Реальная и стилизованная жизнь Пушкина из современной действительности



Этому замыслу стилистически не противоречит и открывающая дошедший до нас отрывок старинная русская запевка. С другой стороны, в этот романти­ческий замысел вторгается реальная и отнюдь не стилизованная жизнь го в виде конкретного факта, известного Пушкину из со­временной действительности (бегство двух заключенных из город­ской тюрьмы), то в виде живого русского просторечия.

Повидимому, романтическая установка поэмы неожиданно для самого Пушкина привела его на исхоженные уже пути («Некоторые стихи напоминают перевод Шильонского Узника. Это не­счастие для меня»). Неудовлетворенный ходом развития дей­ствия, который открывался в поэме, Пушкин бросает работу над ней: «Разбойников я сжег — и поделом».

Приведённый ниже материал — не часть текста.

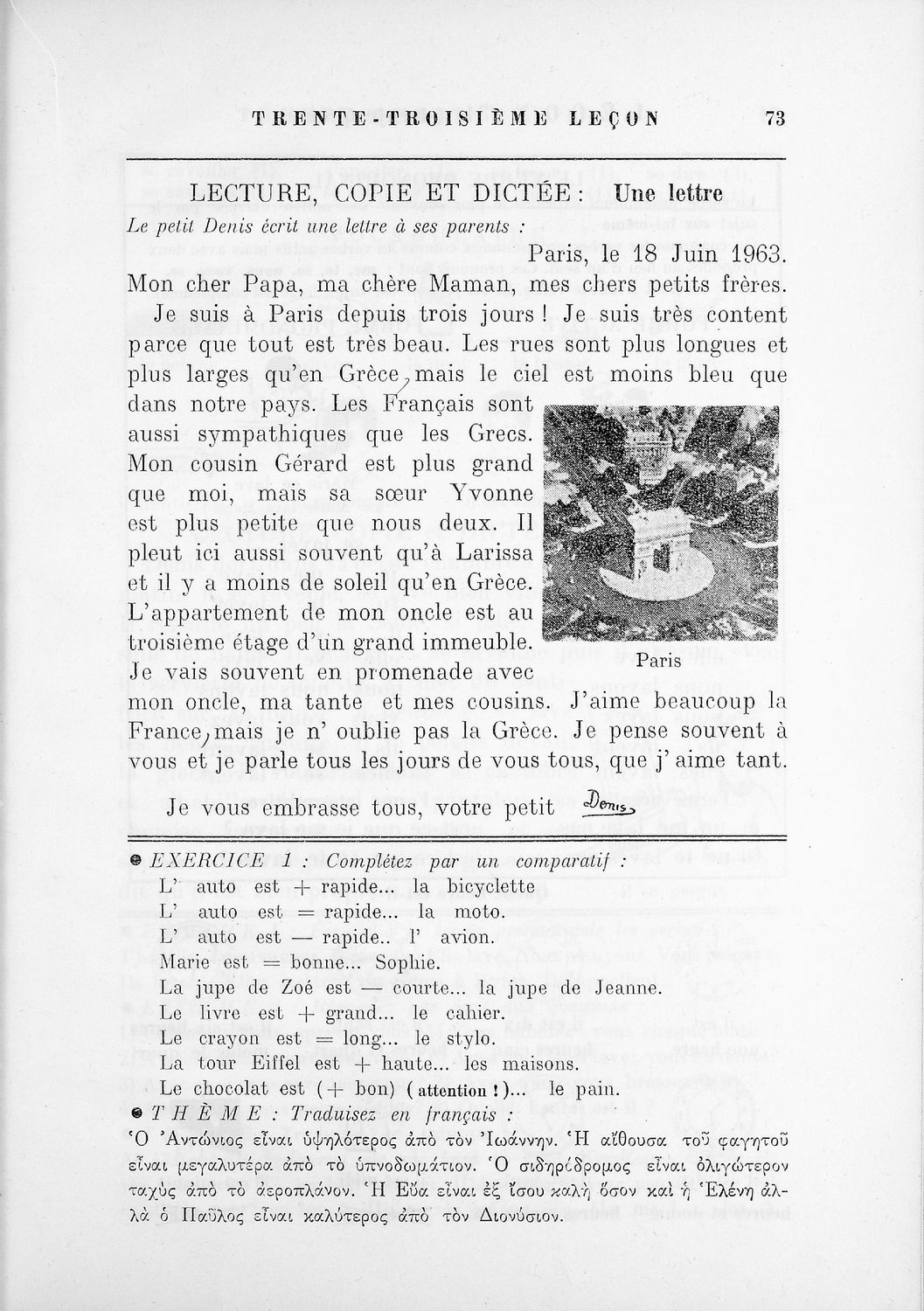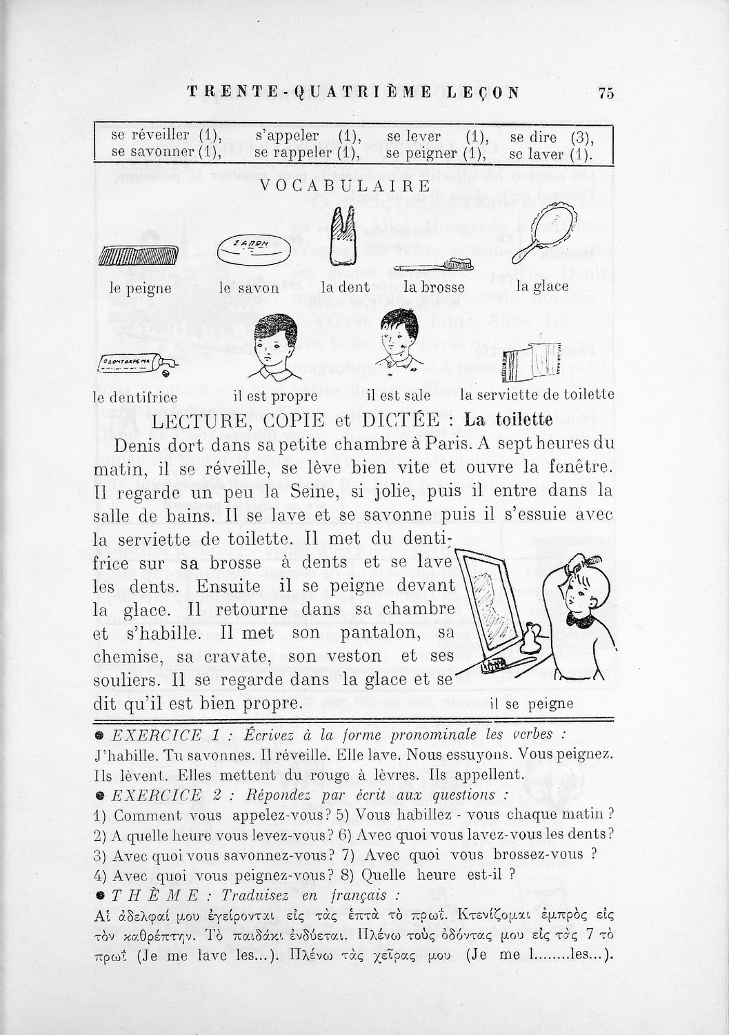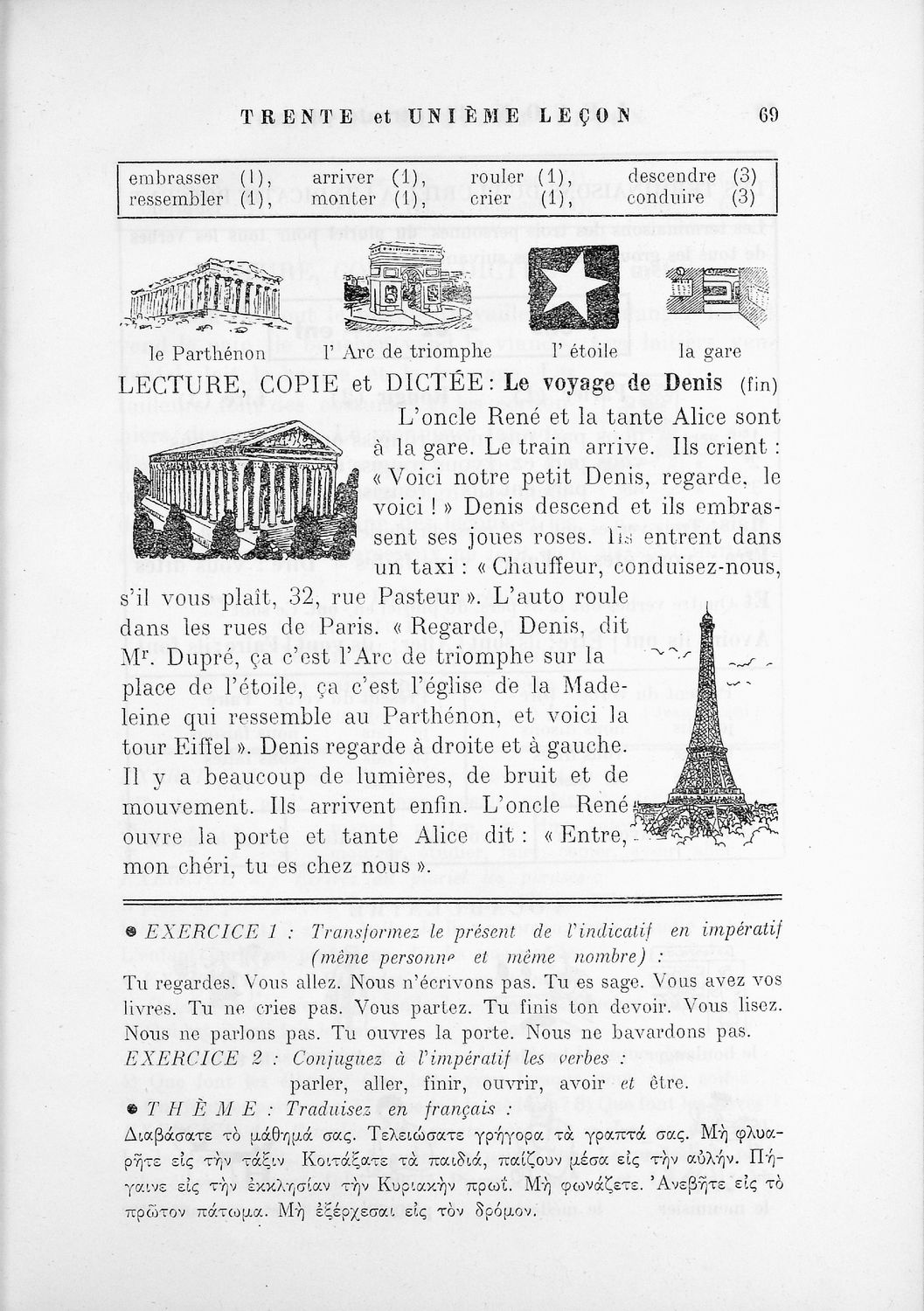 Σχολικό εγχειρίδιο Γαλλικών για τα Ελληνικά Σχολεία που περιέχει τους βασικούς κανόνες γραμματικής της γαλλικής γλώσσας καθώς και σειρά ασκήσεων για πρακτική εξάσκηση των μαθητών. Περιλαμβάνεται και λεξιλόγιο.

Самый факт отказа от этих незавершенных замыслов чрез­вычайно показателен именно в данный период. Работу над, «Вадимом» Пушкин, вероятно, оставил в том же 1821 году, над «Братьями-разбойниками» он работал до мая 1822 года, но так и не довел до конца. Обстоятельства, обусловившие отказ Пуш­кина от этих замыслов, коренятся в несоответствии между воз­можностями, предоставляемыми романтическим строем произве­дения, и усилившейся потребностью включать в повествование живую конкретную действительность, которая оказывалась го­раздо богаче, ярче, занимательнее и, что всего важнее, несрав­ненно значительнее и глубже любой романтической выдумки.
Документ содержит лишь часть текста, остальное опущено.